Sunday, August 26, 2018

Sunday Drives


There are people who see their childhoods either as one long agony, who don’t remember anything at all and those who have rose-coloured glasses.  I am often accused of being the latter, especially by my siblings but the truth is, that is how I remember it.  I had a happy childhood, I had the normal “angst-y” teenage years and when I turned 18 I simply went into adulthood equipped for whatever came my way.  I call that a great childhood and a great beginning for life.
Mom stayed home and was a good housewife and a great mother; Dad went to work, frequently came home late but spent his weekends with his wife and children.  He did not go out with the boys, he didn’t golf or do other things without his family.  He once said to me “how could I bring my wife to a strange country with no family and friends and leave her alone?”  But the truth was he loved us all and got a kick out of his children. 
We had our weekend mornings congregated around his bed, listening to his stories and enjoying his laugh.  But once we were up it was Saturday groceries, a super special smorgasbord lunch and then it would be either playing on our own or sometimes Dad would roughhouse with us.  We went on Sunday drives often because the “country” was not too far away from our neighbourhood.  We loved nothing better than to go out for a drive and look at horses and cows.  Sometimes we would beg Dad to let us “rent a horse” when we saw a sign that riding was available but that never happened.  We were all horse-mad (how could we not be when we were raised on Westerns?) but we never got a chance to go on a horse.  I suppose this is one of those times where I negate my own oft told tale of not asking for anything because when we saw a horse, we asked, and asked, and asked.  The answer was the inevitable no.
But one day Dad spun a great tale that John bought hook, line and sinker.  He told John that he had got a good deal on a horse and had bought one for him, however there was a catch.  The owner had made some deal with the Toronto Mounted Police so the horse still had to live in Toronto and work for the police.  When Dad took John to work with him on the occasional Saturday John would look around for his horse and Dad had to be quick to make sure he always picked the horse that looked the same as the last time “it was John’s horse”.

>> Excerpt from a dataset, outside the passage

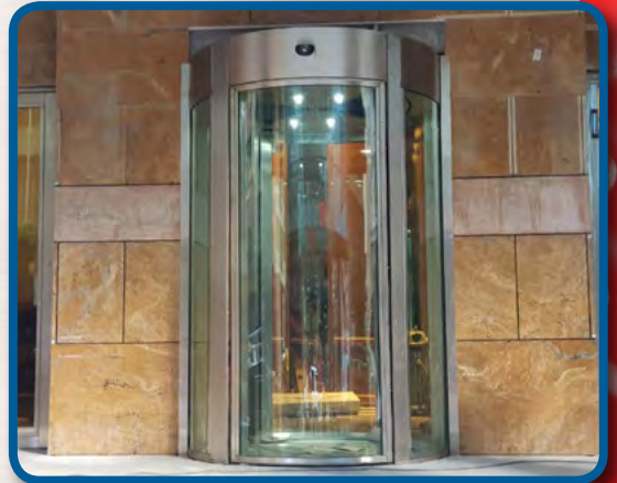
ANTI-BANDIT DOORS & BULLET PROOF PANELS AK47, 7.62 X 39 API, 4 SHOTS FROM 30M

Some of the fun places we went on Sunday was Lowville Park in Burlington.  There was a small creek winding through the park and we were allowed to wade in it.  It could get scary because there were crayfish in the creek and we would shriek if we saw one, but I never got bitten.  Another place we went, slightly further away, was Sunset Villa (which we called Sunsetsavilla for years and years).  This was a Danish park and my parents enjoyed meeting other Danes there.  And Dad was frequently the magnet not just for the kids who knew him but for all kids because he was such a kid at heart.  I clearly remember this huge tubular slide that Dad would climb with us and then he would literally shove kids down, yelling at the top of his voice so that Mom could hear him at the other end of the park (as could everyone else, all knowing who it was, SO EMBARRASSING FOR HER).  We loved it.
Dad could also make driving up to Rattlesnake Point super exciting, using his big voice to make scary noises as he let the car drive itself down the “mountain” (as we believed).  Dad actually did not like driving since he was very near-sighted but without glasses (can you imagine him surviving all those years without having proper glasses?  I cannot imagine how he got away with it) but daylight wasn’t so terrible.  John and I both remember some horrible nights when, for whatever reason, we were on the road at night.  I am surprised that we live to tell the tale.  Dad could absolutely not see a thing, he would be off the road, on sidewalks, and muttering under his breath and driving slow as molasses in January.  Somehow we got home, frazzled.  But lived another for another drive!